Task description.
Copy down every line of the data that follows exactly. Omit the pictures.

Source material.
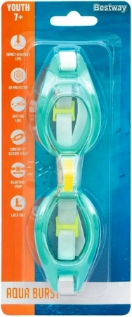 Les lunettes pour enfants Bestway Aqua Burst sont conçues pour les premières leçons de natation comme pour les jeux aquatiques quotidiens. Les verres résistants en polycarbonate protègent les yeux contre les chocs et, grâce au filtre UV, contre le soleil intense. Le traitement antibuée aide à maintenir une vision claire sous l’eau.
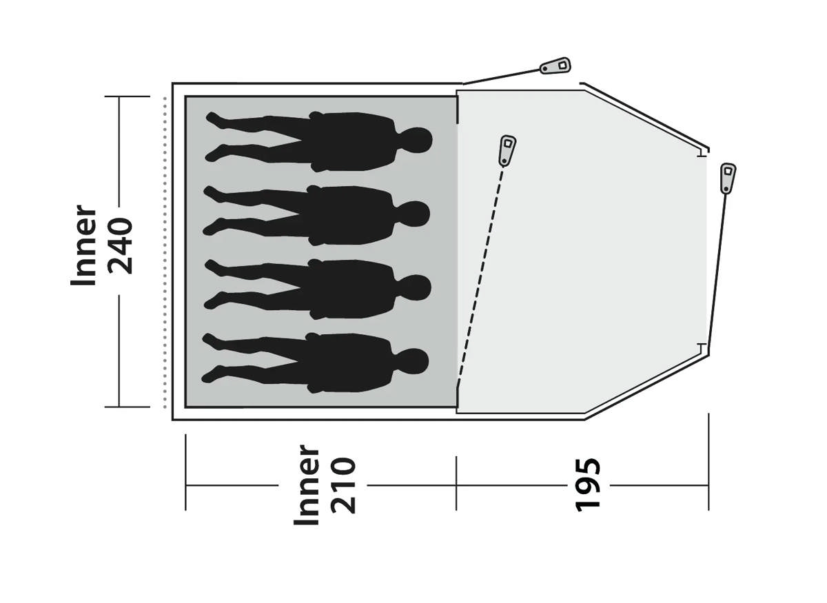 Rymligt 4-personers två-rums tunneltält med flexibel tillgång, insektsfria nätter och utmärkt förvaring. Lätt att sätta upp och perfekt för campingkomfort.
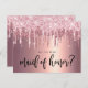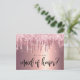 This modern invitation design features faux pink & copper rose gold dripping glitter metallic texture and elegant calligraphy font.
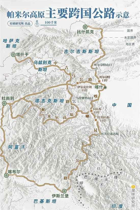 (帕米尔高原主要跨国公路示意,制图@张松楠&张琪/星球研究所)
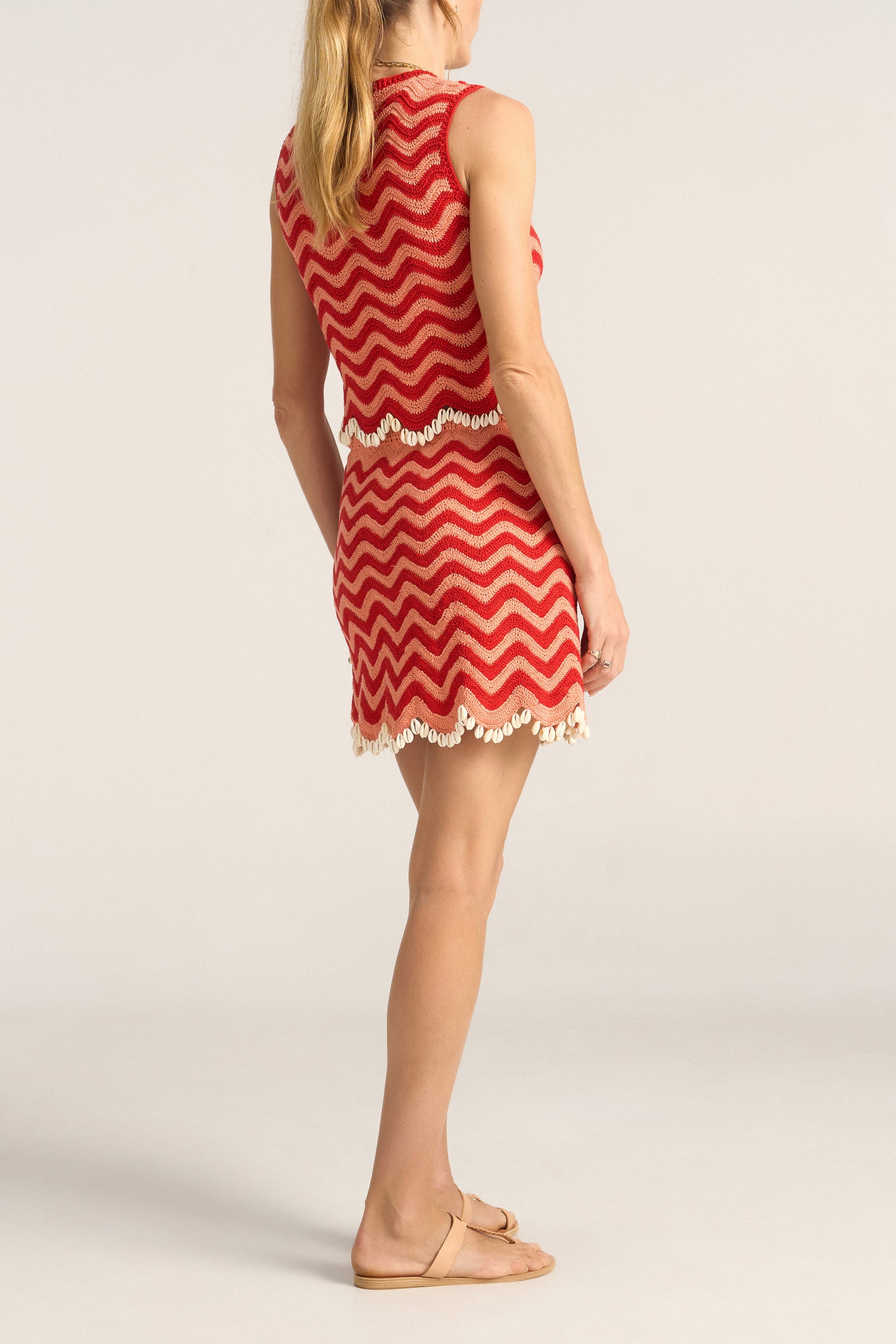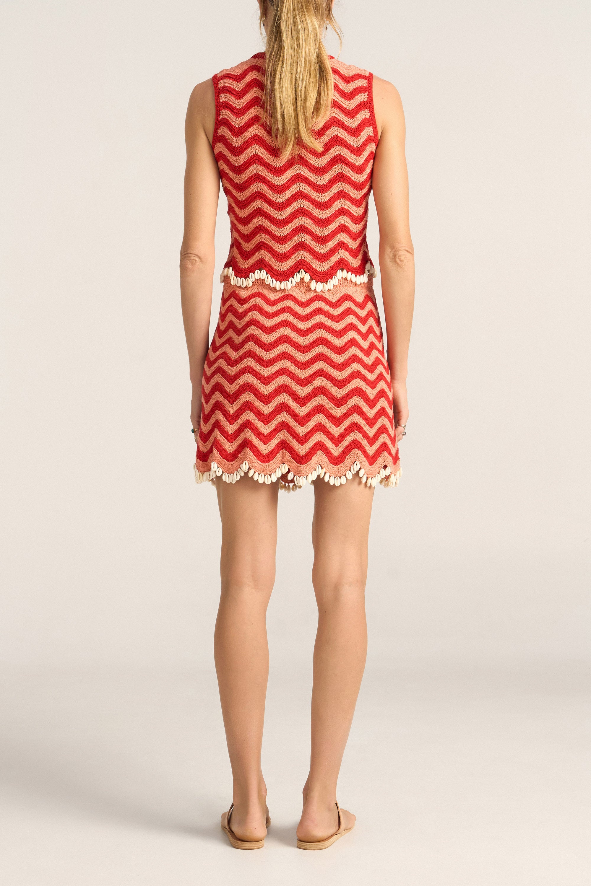 The Delphi Skirt is a hand-crocheted mini, crafted in vibrant red and pink wave-like stripes. Entirely hand made in Peru, in the finest Pima cotton, with a lightweight and textured finish, this piece offers a refined and playful take on artisanal craft. Cowrie shells adorn the hemline, adding a tactile tropical touch to this playful silhouette. Rich in texture and artisanal detail, this piece pairs perfectly with the Cynthia Top for a coordinated summer set. A celebration of colour and craft, the Delphi Skirt brings effortless charm to warm days and coastal escapes.
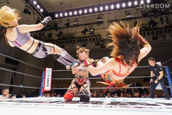 弓月とHANAKOが先発しロックアップ。HANAKOが押し込みブレイクすると、弓月がエルボー連打で向かっていく。HANAKOがやり返すと、弓月がさらに連打する。弓月がロープに振ろうとするが、HANAKOがヘッドロックを離さず。弓月が切り返しヘッドロックからグラウンドにもっていく。弓月のドロップキックをかわしHANAKOがショルダータックル、串刺しボディーアタック、キャメルクラッチ。玖麗が入って弓月にドロップキックを見舞うと、HANAKOがエルボードロップ。HANAKOが「こいや!」と挑発し、弓月のエルボー連打を受けて立つ。HANAKOがエルボーを打って突進するとエプロンから八神が蹴りを入れ、弓月がドロップキック。替わった八神が串刺しでハイキック、ミドルキックの連打をHANAKOに浴びせる。HANAKOが八神をボディースラム、アルゼンチンバックブリーカー。コーナーに追い込むと串刺しボディーアタック、ニードロップ。玖麗が入り八神にスワンダイブでアームホイップ、ドロップキック。八神が返すと、玖麗はスリーパーで捕獲。八神が切り返し腕を取るが、玖麗が体重をかけてカバー。八神が返して飛びつくと腕十字へ。八神がミドルキックも玖麗が返す。弓月が玖麗へドロップキック連打からボディースラム。返した玖麗がエルボー。弓月もやり返しエルボーの打ち合い。HANAKOが割って入り玖麗を持ち上げて弓月にぶつける。玖麗がカバーするが弓月が返す。玖麗がボディースラムで弓月を叩きつけるも2カウント。玖麗が弓月にスリーパー、ドロップキック。弓月が玖麗をかいくぐりドロップキック。ボディースラムを仕掛け合うと八神のアシストを得て弓月がコルバタ。玖麗が丸め込みの連続。10分経過。丸め込みの応酬から玖麗がスピア。しかし、八神がカットする。玖麗がエルボー連打、弓月がカウンターで払い腰。玖麗が立ち上がるが弓月が丸め込むと3カウントが入った。
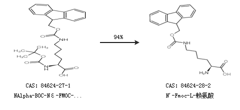 1.通過(guò)NAlpha-BOC-Nε-FMOC-L-賴氨酸合成N''-Fmoc-L-賴氨酸,收率約94%;
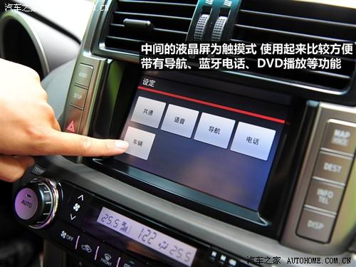 中間的液晶屏為觸摸式設(shè)計(jì),相比那些旋鈕和搖桿操作更加直觀簡(jiǎn)單,而其功能也很豐富,導(dǎo)航、藍(lán)牙電話,DVD播放等功能一應(yīng)俱全。液晶屏下方的是空調(diào)控制區(qū),普拉多采用雙區(qū)自動(dòng)空調(diào),主副駕駛可以分別調(diào)節(jié)自己需要的溫度。
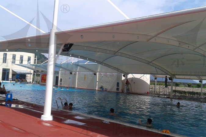 接著我們來看看游泳池遮陽膜結構,膜結構遮陽棚與戶外游泳池的強強聯手不僅給我們一種新鮮感,關鍵的一點是有防紫外線和隔溫效果。

Answer section.
 Les lunettes pour enfants Bestway Aqua Burst sont conçues pour les premières leçons de natation comme pour les jeux aquatiques quotidiens. Les verres résistants en polycarbonate protègent les yeux contre les chocs et, grâce au filtre UV, contre le soleil intense. Le traitement antibuée aide à maintenir une vision claire sous l’eau.
 Rymligt 4-personers två-rums tunneltält med flexibel tillgång, insektsfria nätter och utmärkt förvaring. Lätt att sätta upp och perfekt för campingkomfort.
 This modern invitation design features faux pink & copper rose gold dripping glitter metallic texture and elegant calligraphy font.
 (帕米尔高原主要跨国公路示意,制图@张松楠&张琪/星球研究所)
 The Delphi Skirt is a hand-crocheted mini, crafted in vibrant red and pink wave-like stripes. Entirely hand made in Peru, in the finest Pima cotton, with a lightweight and textured finish, this piece offers a refined and playful take on artisanal craft. Cowrie shells adorn the hemline, adding a tactile tropical touch to this playful silhouette. Rich in texture and artisanal detail, this piece pairs perfectly with the Cynthia Top for a coordinated summer set. A celebration of colour and craft, the Delphi Skirt brings effortless charm to warm days and coastal escapes.
 弓月とHANAKOが先発しロックアップ。HANAKOが押し込みブレイクすると、弓月がエルボー連打で向かっていく。HANAKOがやり返すと、弓月がさらに連打する。弓月がロープに振ろうとするが、HANAKOがヘッドロックを離さず。弓月が切り返しヘッドロックからグラウンドにもっていく。弓月のドロップキックをかわしHANAKOがショルダータックル、串刺しボディーアタック、キャメルクラッチ。玖麗が入って弓月にドロップキックを見舞うと、HANAKOがエルボードロップ。HANAKOが「こいや!」と挑発し、弓月のエルボー連打を受けて立つ。HANAKOがエルボーを打って突進するとエプロンから八神が蹴りを入れ、弓月がドロップキック。替わった八神が串刺しでハイキック、ミドルキックの連打をHANAKOに浴びせる。HANAKOが八神をボディースラム、アルゼンチンバックブリーカー。コーナーに追い込むと串刺しボディーアタック、ニードロップ。玖麗が入り八神にスワンダイブでアームホイップ、ドロップキック。八神が返すと、玖麗はスリーパーで捕獲。八神が切り返し腕を取るが、玖麗が体重をかけてカバー。八神が返して飛びつくと腕十字へ。八神がミドルキックも玖麗が返す。弓月が玖麗へドロップキック連打からボディースラム。返した玖麗がエルボー。弓月もやり返しエルボーの打ち合い。HANAKOが割って入り玖麗を持ち上げて弓月にぶつける。玖麗がカバーするが弓月が返す。玖麗がボディースラムで弓月を叩きつけるも2カウント。玖麗が弓月にスリーパー、ドロップキック。弓月が玖麗をかいくぐりドロップキック。ボディースラムを仕掛け合うと八神のアシストを得て弓月がコルバタ。玖麗が丸め込みの連続。10分経過。丸め込みの応酬から玖麗がスピア。しかし、八神がカットする。玖麗がエルボー連打、弓月がカウンターで払い腰。玖麗が立ち上がるが弓月が丸め込むと3カウントが入った。
 1.通過(guò)NAlpha-BOC-Nε-FMOC-L-賴氨酸合成N''-Fmoc-L-賴氨酸,收率約94%;
 中間的液晶屏為觸摸式設(shè)計(jì),相比那些旋鈕和搖桿操作更加直觀簡(jiǎn)單,而其功能也很豐富,導(dǎo)航、藍(lán)牙電話,DVD播放等功能一應(yīng)俱全。液晶屏下方的是空調(diào)控制區(qū),普拉多采用雙區(qū)自動(dòng)空調(diào),主副駕駛可以分別調(diào)節(jié)自己需要的溫度。
 接著我們來看看游泳池遮陽膜結構,膜結構遮陽棚與戶外游泳池的強強聯手不僅給我們一種新鮮感,關鍵的一點是有防紫外線和隔溫效果。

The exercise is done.